- Developer(s): Innocent Grey
- Publisher(s): Innocent Grey
- Artist(s): Miki Sugina
- Writer(s): Miya Suzuka
- Composer(s): Little Wing
- Platform(s): Microsoft Windows
- Release: December 11, 2009
- Genre(s): Eroge, visual novel
- Mode(s): Single-player

= Caucasus: Nanatsuki no Nie =

2009 video game

Caucasus: Nanatsuki no Nie (クロウカシス 七憑キノ贄, Kuroukashisu Nanatsuki no Nie) is a Japanese adult visual novel developed by Innocent Grey. It was released on December 11, 2009 for Microsoft Windows.

==Plot==
Caucasus takes place in a small village named Nanatsuki Village (七月村, Nanatsuki Mura) located in a remote, mountainous region. An old estate by the name of Nanatsu Mansion (七憑館, Nanatsu Kan) is located there with a history of many strange and unexplained events having occurred there. These events are commonly referred to as being the "Curse of Nanatsuki" (七憑きの呪い, Nanatsuki no Noroi).

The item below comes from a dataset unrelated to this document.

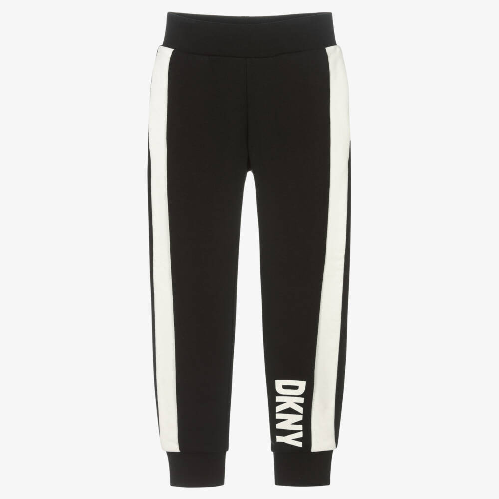 Teen boys black cotton joggers by American brand DKNY, with a white logo print on one leg. A contemporary take on a staple piece, these bottoms have bold white coated trims on the sides of the legs.

The story of Caucasus begins on a path to the Nanatsuki Village where a blizzard has stricken the two main characters. A young woman from the Nanatsuki Mansion comes to their aid and provides them with shelter from the blizzard at the mansion. On that same day, a wedding was being held at the Nanatsuki Mansion. Meanwhile, the snowstorm continued to rage outside and in increasing severity.

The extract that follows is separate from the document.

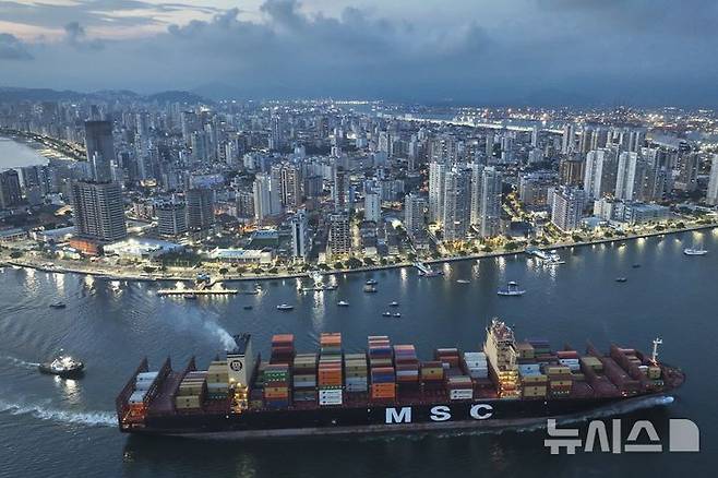 [산투스(브라질)=AP/뉴시스]브라질 산투스항에 지난 1일 컨테이너선 한 척이 접근하고 있다. 세계 최대 해운국들 중 많은 나라들이 11일 기준치를 초과하는 선박 배출 온실가스에 1톤당 최소 100달러(14만2500원)의 수수료를 부과하기로 결정했다. 이는 사실상 온실가스 배출에 대한 세계 최초의 세금이다. 2025.04.12.

The next day, the headless body of the groom was found which quickly sparked a dispute over the matter of assets and inheritance and whether this was another event caused by the "Curse of Nanatsuki". The rope bridge outside was cut, cutting off the route to the outside world. Four men and seven women remain at the Nanatsuki Mansion.

==Internet radio show==
An Internet radio show for promoting Caucasus, and the first Internet radio broadcast for Innocent Grey, aired its first broadcast on July 9, 2009. The show, produced by Rock'n' Banana, is hosted by Sanma Aji, who voices Venio Nanatsuki, and Doshizuku Hira, who voices Akane Hiyama, and is streamed online on every second and fourth Thursday of the month.

==Development==
Caucasus is the sixth project developed by Innocent Grey and was announced in 2009 June issue of Tech Gian. Like their previous works, the concept art for Caucasus is being done by Miki Sugina.

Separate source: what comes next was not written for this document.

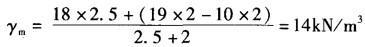 解析 根据《建筑地基基础设计规范》(GB 50007—2002)规定对地基承载力特征值进行修正,规范承载力修正公式为:fa =fak+ηby(6-3) +ηdym(d-0.5)。式中,由粉土层黏粒含量ρc=13%,查表5. 2.4得ηb=0.3,ηd =1.5。y为基础底面下土的重度,地下水位以下用有效重度为:y′= ysat - yw = 19 - 10 = 9kN/m3,基础宽度b=20m>6m,按6m计算。ym为基础埋深范围内土的加权平均重度,地下水位以下用有效重度,则: 将上述结果带入公式计算: fa=fak+ηby(b-3) +ηdym(d-0.5) =175+0.3×9×(6-3) + 1. 5×14×(4. 5-0. 5) = 267.1kPa

The voice acting applications closed on May 12, 2009, and auditions concluded on May 25. Recording for the character voices began on June 12.

==Music==
The theme song to Caucasus, entitled "Snowdrop", was performed by Haruka Shimotsuki. The soundtrack of Caucasus was composed by Little Wing. Samples of the theme song and some background music tracks were provided with the 2009 September issue of Tech Gian. The soundtrack for the game was released on the same date as the game, on December 11, 2009.